My main research interest lies on decision making, cognitive control and reinforcement
learning. Here, at Ghent University, in the LCCL lab, I am part of a team aiming to
develop and test a new formal, unified theory of ACC function. I will mainly focus on
the investigation of the effects of reward on the ACC patterns of activity during
sequential behavioral paradigms using functional neuroimaging (fMRI).
I have a Bachelor degree in Psychology from the University of Groningen, and a Master degree in Cognitive Neuroscience from the University of Amsterdam. During my theses, I have mainly focused on computational and statistical modeling, specifically linking computational models of cognition and behaviour to both EEG and fMRI data. In the LCC lab, I aim to investigate how humans can learn and leverage hierarchical structure behaviourally, and what neural signatures we can find of such hierarchies. Specifically, we believe the ACC might attribute obtained rewards to learned hierarchical representations, which can be reflected in the EEG as a 'Reward Positivity' locked to temporally abstracted events. We also believe the ACC might hold distributed representations of plans, strategies, and (sub)goals that imply the presence of hierarchy, which we hope to identify with fMRI and RSA.

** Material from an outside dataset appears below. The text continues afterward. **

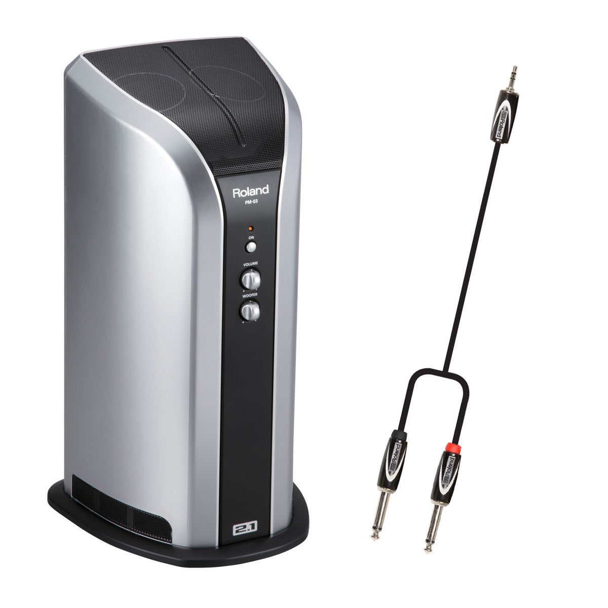 2.1チャンネル・スピーカー・システム搭載のドラム・モニターPM-03と、接続用Yケーブルのセット

I am a PhD student in the LCC Lab, which I joined in 2022 after completing my master’s degree in Basic Psychology at South China Normal University. My research focuses on how cognitive fatigue influences cognitive effort-based decision making at both behavioral and neural levels. I use behavioral experiments, computational modeling, and EEG to explore these processes. I am also interested in how individual traits, such as depressive symptoms, may be related.
I obtained my Master's degree in Applied Psychology from Southern Medical University, where my research primarily focused on using fMRI and ¹H-MRS to investigate the mechanisms of cognitive control in populations with psychiatric disorders or subclinical conditions. I joined the LCC lab in 2025 and am currently focusing on the neural mechanisms of the ACC during cognitive effort-based(especially in fatigue) in decision-making and its associated neurotransmitters.